A modest link

Oftentimes I despair over the quality of reasoning one finds on the typical op-ed page.  But then I read this, and I am reminded of how bad things could be.    

Update.  I forgot to mention this somewhat related matter.  I actually for the first time in my life got polled for a presidential election.  Aside from approve/disapprove questions regarding our current leader, the computer voice asked all sorts of questions about the current candidates.  When it got to Obama, it asked at least four questions about William Ayers, including this one: "What roll will William Ayers play in an Obama administration?"  Not sure what the sense of that was.

6 thoughts on “A modest link”

  1. Not sure what the sense of that was.

    Sometimes words are not used to make sense or logic but to just put a ‘boogie-man in the reader’s/listener’s ear’ — In this case, “William Ayers will play a role in an Obama administration.”

    http://www.pbs.org/wgbh/pages/frontline/programs/info/2703.html

    “FRONTLINE presents a spirited and revealing biography of Lee Atwater,
    the charming, Machiavellian godfather of modern, take-no-prisoners
    Republican political campaigns.”

  2. Another example of how logic and truth do not matter (and I wish I had NOT clicked on that link you provided as I feel like I have been smeared with dog-doo having done so) — some people just need to see a few words strung together and they will believe no matter what those words are if those words happen to reinforce their current belief system (“He who believeth in me…”).

    And some people know this and deliberatly spread lies.

    I think I’ll just play World of Warcraft from now until the election is over.
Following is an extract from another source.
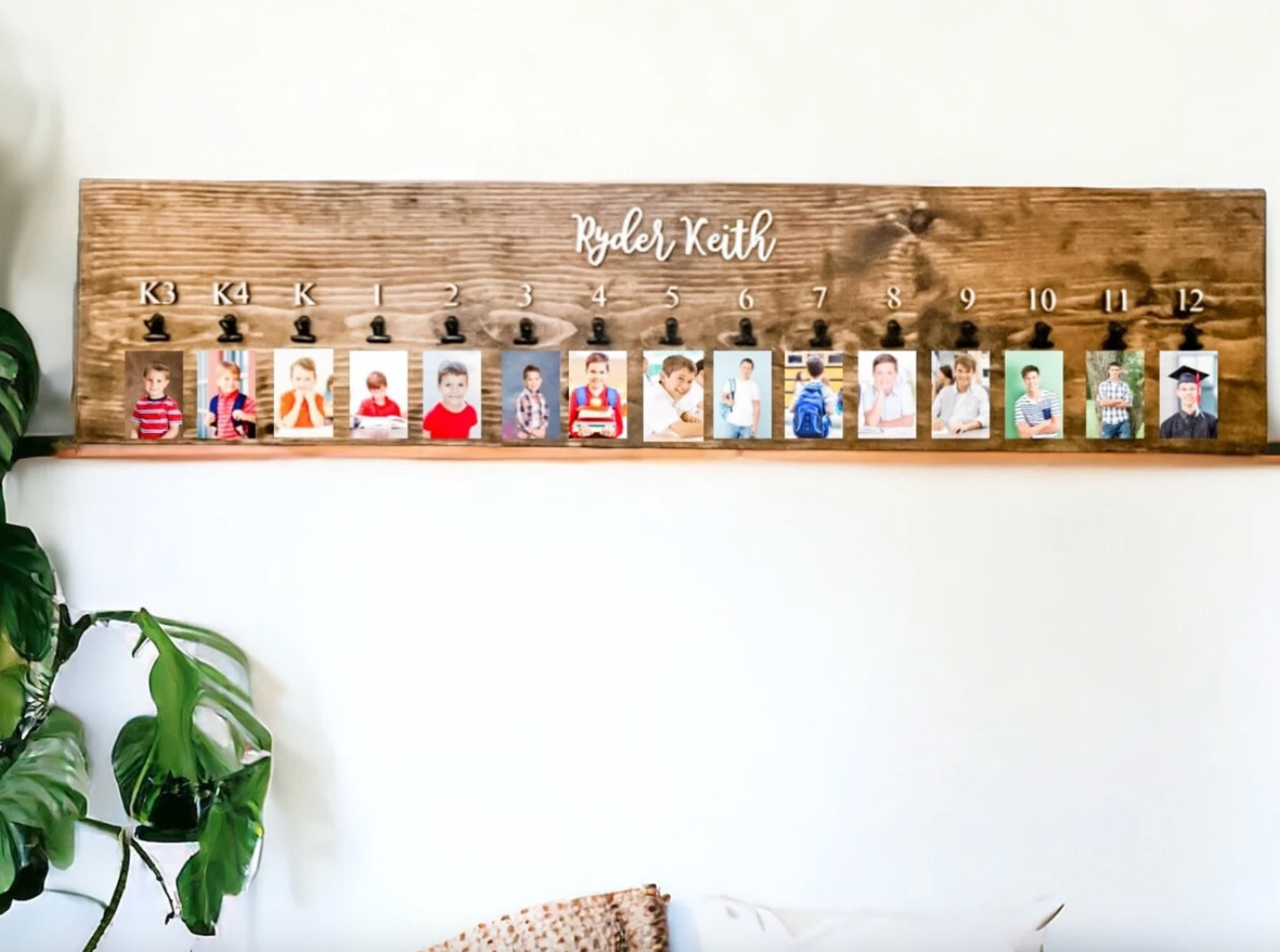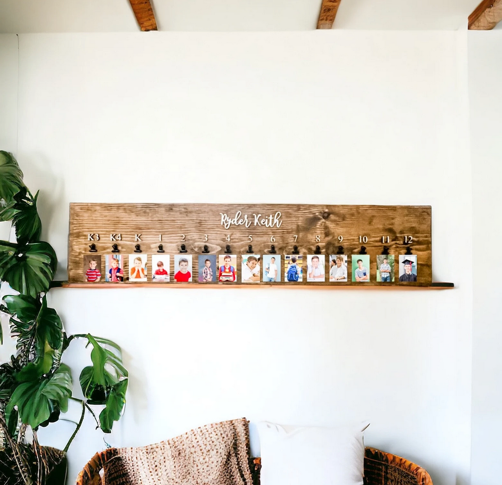 The perfect way to display your child's school photos throughout the years! This beautiful photo board will feature your child's name in script at the top and will feature up to 15 grades through their senior year! Choose your wood finish to coincide perfectly with your home's decor.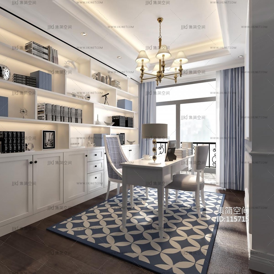现代欧式书房 3d模型下载 [模型ID:115715]

  3. mccain-aide-gave-reporters-inc.php

    Change the dashes to underscores to fix the posted link. (It’s due to WP translations.)

  4. I received a call from a political pollster back in July. It began normally enough but when the question was asked, who had I voted for in the primary, Hillary Clinton or Barack Obama, I began to suspect that this was not an unbiased, objective survey.

    The next question that tipped me off was a question about whether I had seen John McCain’s “Summer of Love” add which begins with hippies doing what hippies do then segways into McCain in a Vietnamese prison camp, and so on. There was not a corresponding question about any of Barack Obama’s ads.

    Then, the kicker where the pollster brought up John McCain’s policies in favor of more nuclear power, opening new locations to oil drilling, etcetera and contrasting it to Barack Obama’s opposition to nuclear power, drilling in ANWR, etcetera.

    “Is this a Republican sponsored survey?”

    “I’m not allowed to say who sponsors the survey.”

    “If you can’t tell me who you represent then I don’t intend to continue. I am hearing a definite bias in the survey. That last question was very leading and is clearly biased in favor of John McCain.”

    “Well, we’re almost done.”

    “Even so. I’m not going to continue this if I have no confidence in the objectiveness of the survey. If you were an unbiased source, you wouldn’t have a problem with letting me know why you represent.”

    “I’m not allowed to say.”

    “Which only reinforces my impression that this is a biased survey and the answers I give will not be accurately represented when analyzed and presented.”

    I should have asked to speak with her supervisor but, in all honesty, wasn’t entertained enough to want to prolong it.

  5. If you suspect it is biased it’s probably a “push-poll.”  Those guys are getting increasingly savvy and subtle nowadays.  I think because I’m nonaffiliated and active politically I get a few of them every election.  This time I got 3.  My policy is to keep them on the phone as long as possible so that I tie up a resource that cannot be used to call on anyone else.  I also answer their questions in ways that make no sense and skew their data. 

    But don’t mistake this for an information gathering poll – it is intended to influence voter opinion, not to measure it.